Figure 9. A model for the two-step activation by CpG-DNA. We propose that the recognition of A class CpG-DNA is a two-step process that can begin at the plasma membrane (PM) by a TLR9-independent mechanism. We hypothesize the existence of a receptor, localized (more ...)
The role of PI3K family on TLR signaling is poorly understood. PI3K interacts with the cytosolic Toll/IL-1 receptor domain of TLR2 (Arbibe et al., 2000
) and has been found activated downstream of IRAK1 in response to IL-1β (Neumann et al., 2002
). Recently, Akt, a downstream effector of the SFK–PI3K pathway (Franke et al., 1997
), was shown to be phosphorylated in response to CpG by a TLR9-independent mechanism that involves DNA-dependent protein kinase (Dragoi et al., 2005
). In our experimental system, Akt phosphorylation was intact in chloroquine-treated cells, indicating that the MyD88 cascade is not involved in Akt activation. However, Akt phosphorylation was completely blocked by both PP2 and the PI3K inhibitor wortmannin. These data indicate that the TLR9-independent tyrosine phosphorylation cascade that we describe is upstream of Akt activation.

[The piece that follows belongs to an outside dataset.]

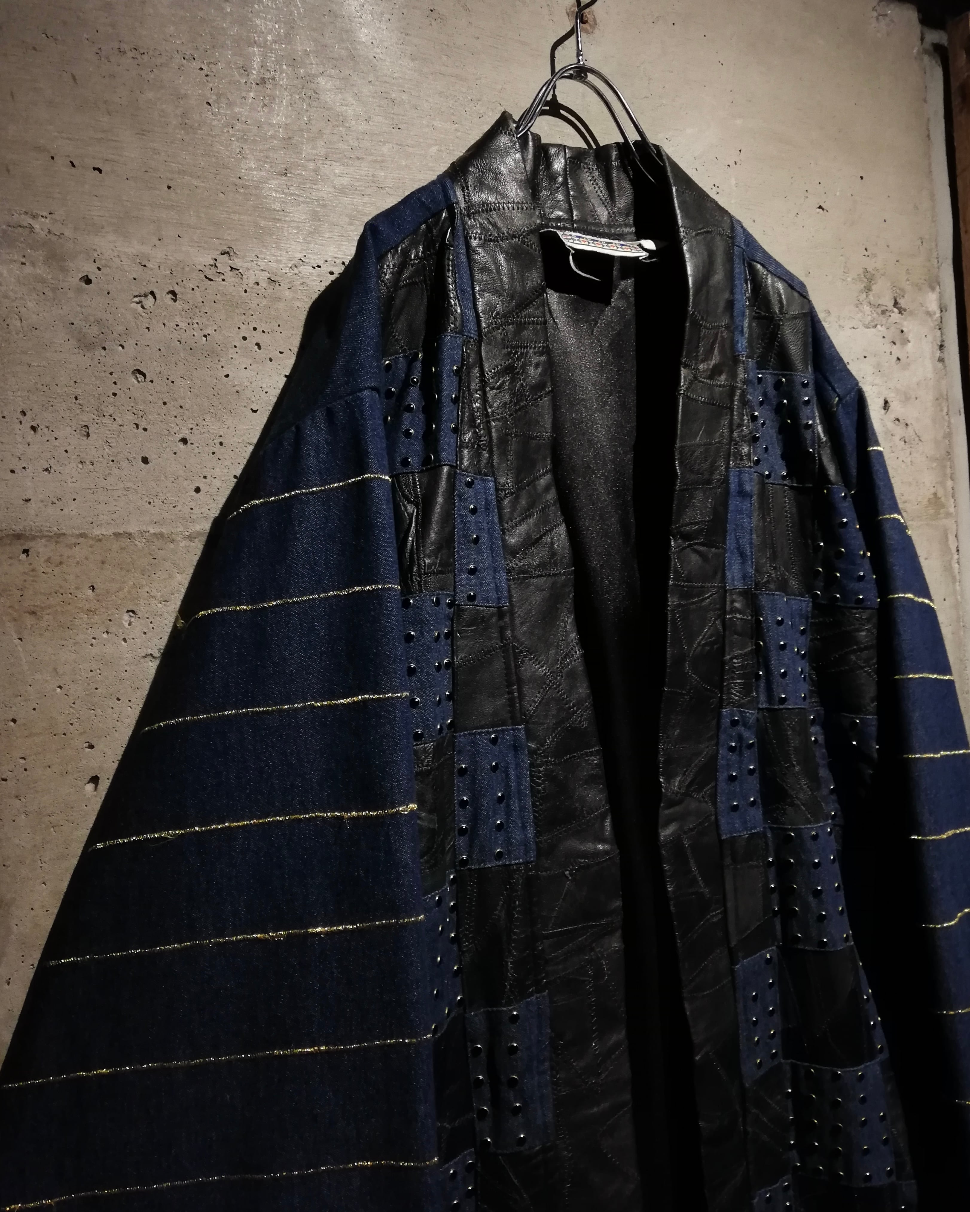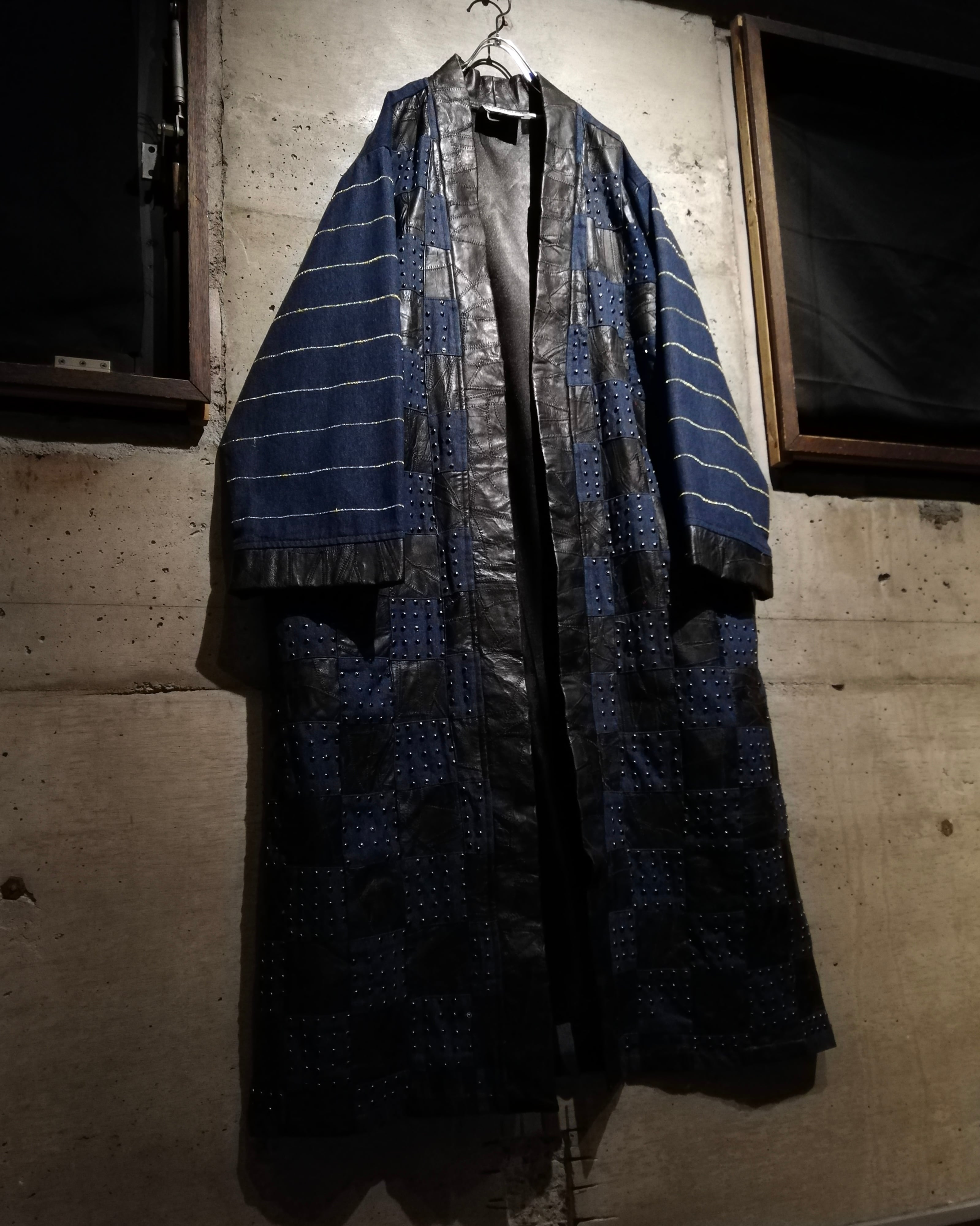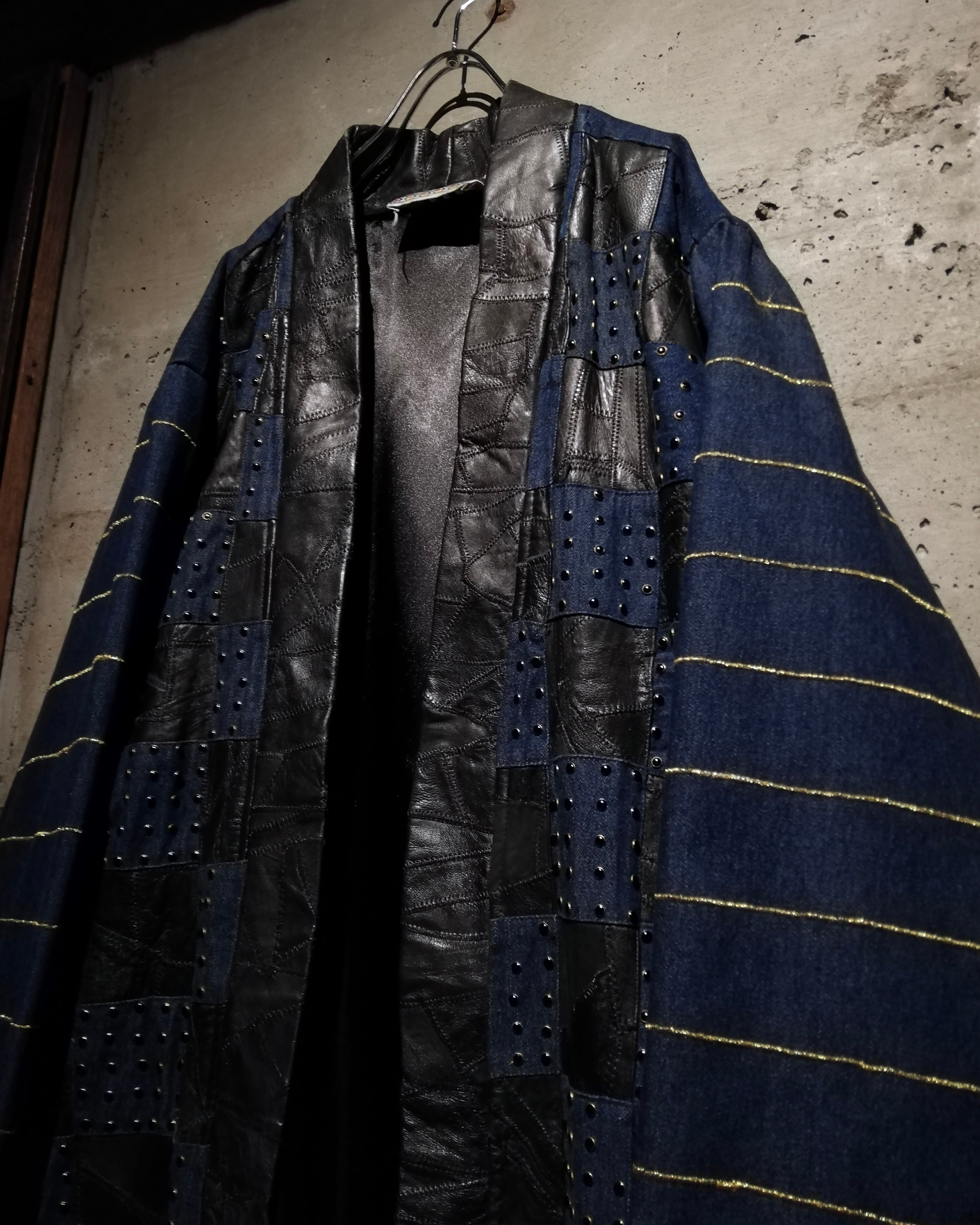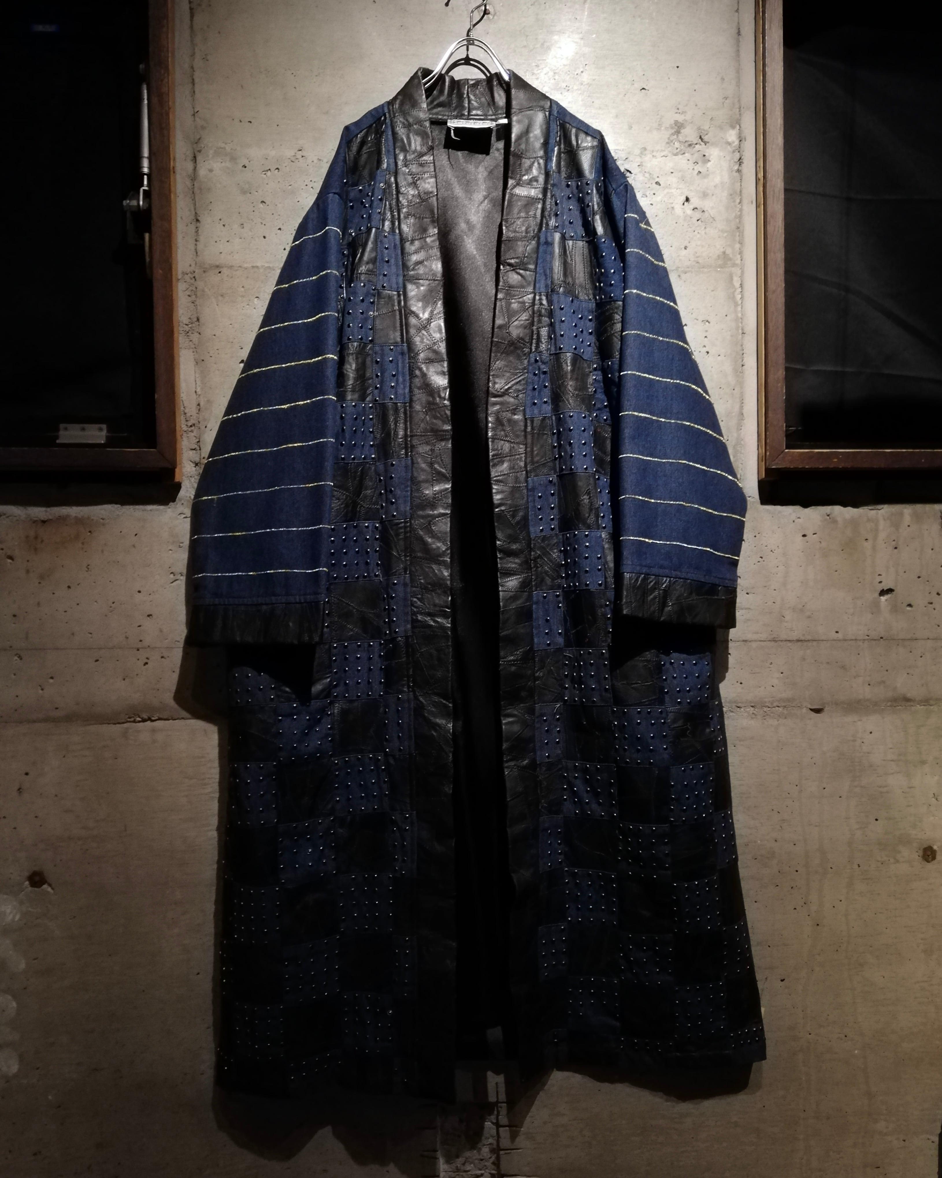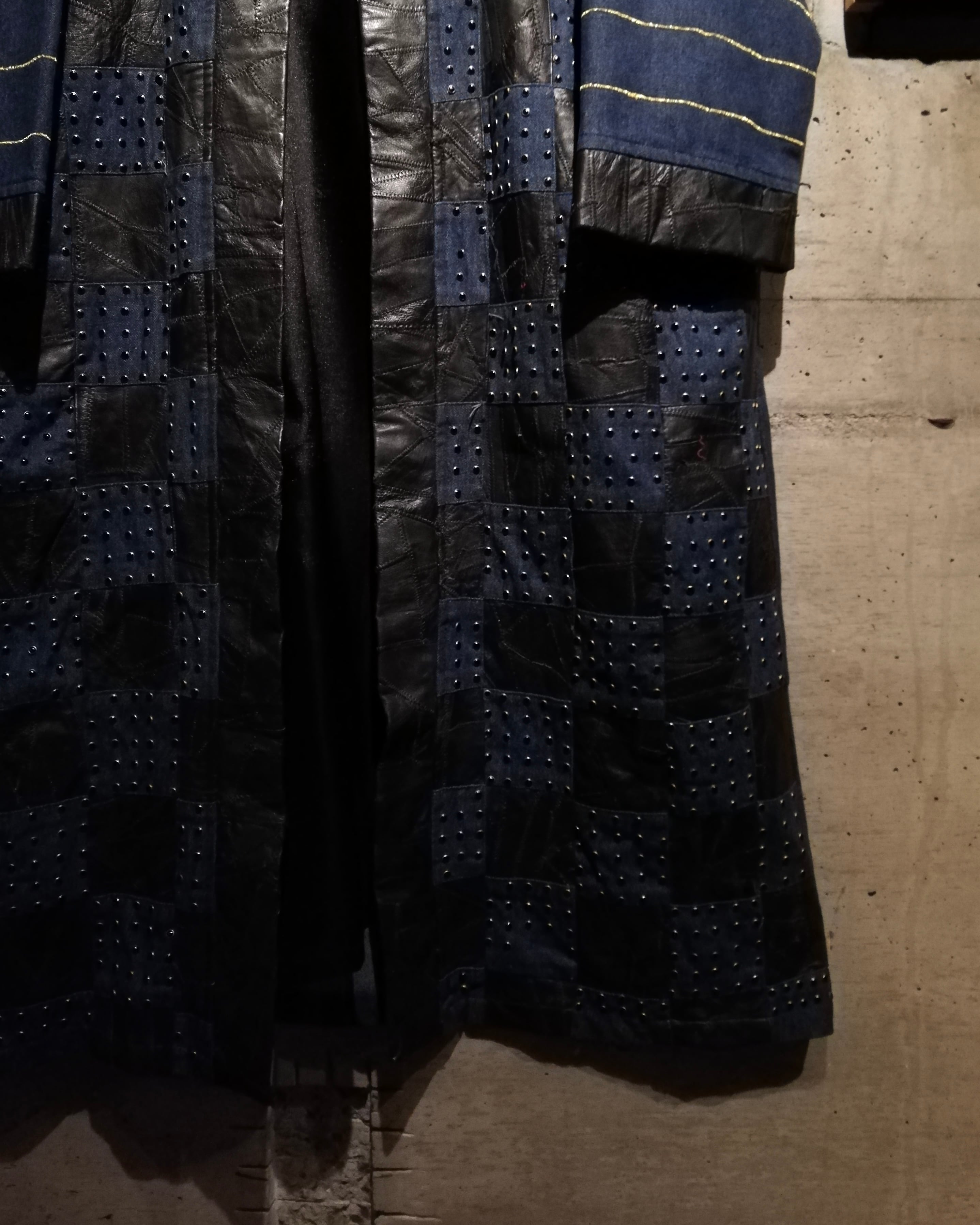 レザーとデニム、異素材を組み合わせたハンドクラフト仕様のロングガウンコート。1枚ずつ丁寧に仕立てられたパッチワーク構成で、クラフトらしい温もりと存在感を併せ持つデザインです。

Finally, we provide evidence that the SFK pathway does intersect with the TLR9–MyD88 pathway. TLR9 is tyrosine phosphorylated upon CpG stimulation, and this event is independent of chloroquine but blocked by PP2. Furthermore, Syk coimmunoprecipitates with TLR9 upon CpG stimulation, and this interaction can be blocked by PP2. Because Syk is normally recruited to ITAM-containing receptors, which is not the case of TLR9, it is likely that the TLR9–Syk association is indirect and that other proteins participate in the formation of a complex. Two potential ITAM chains, the γ chain of the Fc receptor and DAP12 (DNAX-activating protein of 12 kD) were examined, but no phosphorylation was detected upon CpG stimulation (unpublished data). Although our experiments do not reveal whether Syk associates directly with TLR9, coimmunoprecipitation after CpG stimulation is not affected by chloroquine, indicating that this event is driven by the initial SFK pathway independently of TLR9. This link between tyrosine kinase signaling and TLRs is further supported by a recent study involving TLR3, a receptor for double-stranded RNA. Like TLR9, TLR3 is tyrosine phosphorylated, and this event is linked to PI3K-mediated enhancement of the interferon regulatory factor 3 pathway (Sarkar et al., 2004
). Unlike our findings with TLR9, TLR3 phosphorylation does not regulate NF-κB activation.
In conclusion, we describe a TLR9-independent, SFK-driven signaling cascade induced by CpG. This cascade is upstream of the MyD88-dependent endosomal pathway and is initiated at the plasma membrane. This chloroquine-insensitive pathway initiates complex cytoskeletal rearrangements necessary for cell biological events such as adhesion and migration. Moreover, these two pathways interact, as inhibition of the SFK pathway blocks activation events downstream of endosomal TLR9/MyD88 such as NF-κB activation and cytokine secretion. Our findings suggest that a potential CpG-sensing receptor is localized at the plasma membrane and might interact with CpG before the activation of endosomal TLR9. Future studies are required to identify candidate proteins that would perform this function. The identification of a TLR9 coreceptor would potentially provide a new target for pharmaceutical intervention that could result in new treatments for autoimmune diseases.